# DirecTV VOD No Matching Programs



## PleaseHelpMe (Sep 9, 2014)

Hi Everyone,

You all were able to fix my last problem so here we go again! The DirecTV Video On-Demand seems to be intermittent for me. Half the time it works and the other half it says "Sorry! Right now, we don't have any programs that match the filter you just selected." It says this literally minutes after I was just looking at a program and going back to it. 

This occurs in all rooms. I have the HR44/500 with software 0x93d (updated on 11/4) and three mini-genies. The internet is always connected via Ethernet cord while this is happening and doesn't appear to be the issue.

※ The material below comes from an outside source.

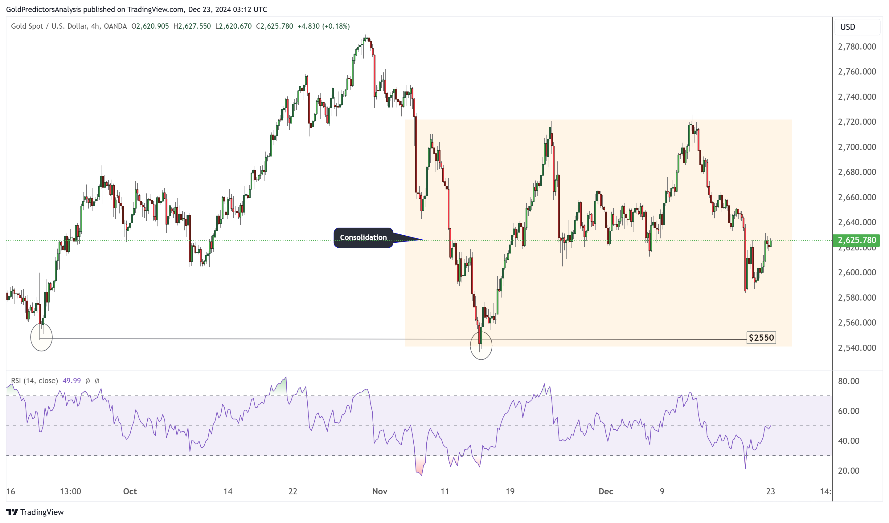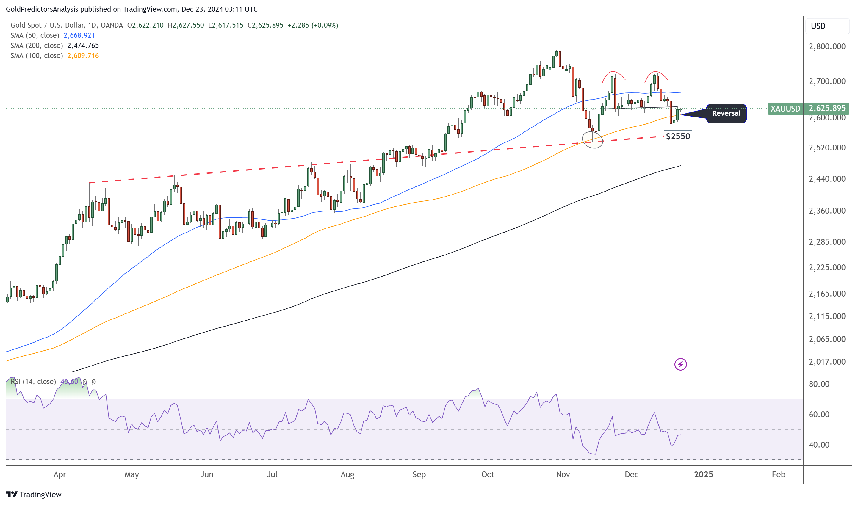 黄金日线图显示,12月金价在宽幅区间内盘整。尽管盘整,但市场仍看涨,因为价格在红点趋势线上方交易。周五美国PCE数据公布后,金价收于100日均线上方,强化了看涨趋势。

Does anyone else have this problem or a fix?!

Thank you,

PleaseHelpMe


----------



## Delroy E Walleye (Jun 9, 2012)

I've noticed this, too, but assumed it had to do with not being plugged into internet since my last guide-clearing a couple weeks ago.


----------



## mannytwotwo (Feb 15, 2014)

When I have this issue I press the red reset button twice or sometimes even 3 times and that does the trick. I always have to do this after my receiver gets an update.


----------



## peds48 (Jan 11, 2008)

Do an Smart search for clearmybox. See if that helps


----------



## PleaseHelpMe (Sep 9, 2014)

Ok I tried the "clearmybox". It looks like the VOD is reloading. I'll update later when it's complete.


----------